Top of Exercise data
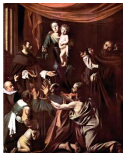
A destra, La Madonna del Rosario 364,5 x 249,5 cm Vienna - Kunsthistorisches Museum, Gemäldegalerie.

Per la gestione dei supporti fisici delle riproduzioni e delle informazioni pertinenti è stato progettato un data base interrogabile in base ai campi di registrazione delle informazioni (autore, genere, città, tema ecc.) o anche in base a un sistema di chiavi multiple scelte fra un numerosissimo repertorio di caratterizzazione dell'opera d'arte. Questo “indice analitico dei concetti e dei nomi”, esteso e ragionato, costituisce un elemento qualificante del sistema di ricerca predisposto dalla Rai.
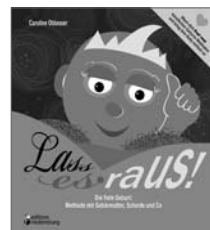
Lass es raus! Die freie Geburt
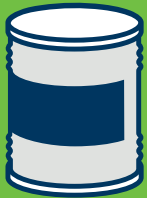
တၢ်အိၣ်လၢ အတဟးဂီၤညီ

ကတၢ်ကတၢ်ပၢ်စၢ တၢ်ဖိတၢ်လံၤလၢလၢအံၤ ၂-နံၣ် အဂီၢ် လၢနၢဒီးနဟံၣ်ဖိယိဖိအဂီၢ်တက့ၢ်.
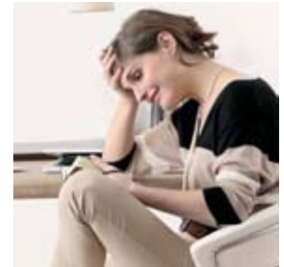
Entspannung pur und Preise zum Relaxen: Seite 8
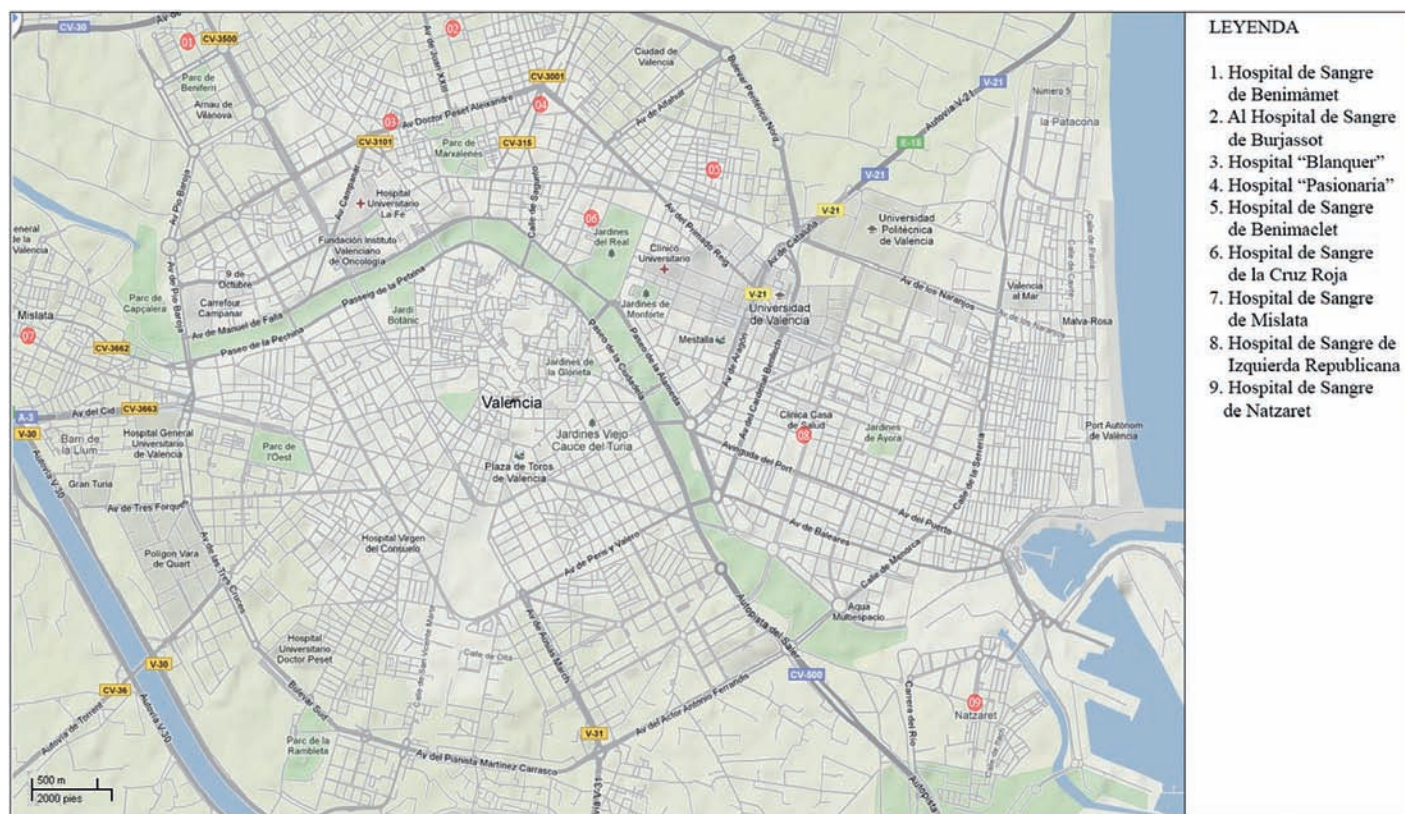
Figura 1. Hospitales de sangre en Valencia durante la Guerra Civil Española.

Del análisis de esta Orden se desprende la intención del Gobierno de centralizar los grandes hospitales existentes en la zona republicana a través de un proceso de militarización. Sin embargo, si comparamos esta disposición con la que se aplicó en Madrid durante el verano de 1936 nos daremos cuenta de que la centralización sanitaria que se llevó a cabo a partir de 1937 fue mucho más intensa, dado que el Decreto de 1936 ordenaba el cierre de los hospitales con una capacidad inferior a las 50 camas, mientras que la Orden de 1937 establecía el límite de viabilidad en 300.
Bottom of Exercise data
The data needs to be reproduced exactly, please, apart from its pictures.

### Task answer:
A destra, La Madonna del Rosario 364,5 x 249,5 cm Vienna - Kunsthistorisches Museum, Gemäldegalerie.

Per la gestione dei supporti fisici delle riproduzioni e delle informazioni pertinenti è stato progettato un data base interrogabile in base ai campi di registrazione delle informazioni (autore, genere, città, tema ecc.) o anche in base a un sistema di chiavi multiple scelte fra un numerosissimo repertorio di caratterizzazione dell'opera d'arte. Questo “indice analitico dei concetti e dei nomi”, esteso e ragionato, costituisce un elemento qualificante del sistema di ricerca predisposto dalla Rai.
Lass es raus! Die freie Geburt
တၢ်အိၣ်လၢ အတဟးဂီၤညီ

ကတၢ်ကတၢ်ပၢ်စၢ တၢ်ဖိတၢ်လံၤလၢလၢအံၤ ၂-နံၣ် အဂီၢ် လၢနၢဒီးနဟံၣ်ဖိယိဖိအဂီၢ်တက့ၢ်.
Entspannung pur und Preise zum Relaxen: Seite 8
Figura 1. Hospitales de sangre en Valencia durante la Guerra Civil Española.

Del análisis de esta Orden se desprende la intención del Gobierno de centralizar los grandes hospitales existentes en la zona republicana a través de un proceso de militarización. Sin embargo, si comparamos esta disposición con la que se aplicó en Madrid durante el verano de 1936 nos daremos cuenta de que la centralización sanitaria que se llevó a cabo a partir de 1937 fue mucho más intensa, dado que el Decreto de 1936 ordenaba el cierre de los hospitales con una capacidad inferior a las 50 camas, mientras que la Orden de 1937 establecía el límite de viabilidad en 300.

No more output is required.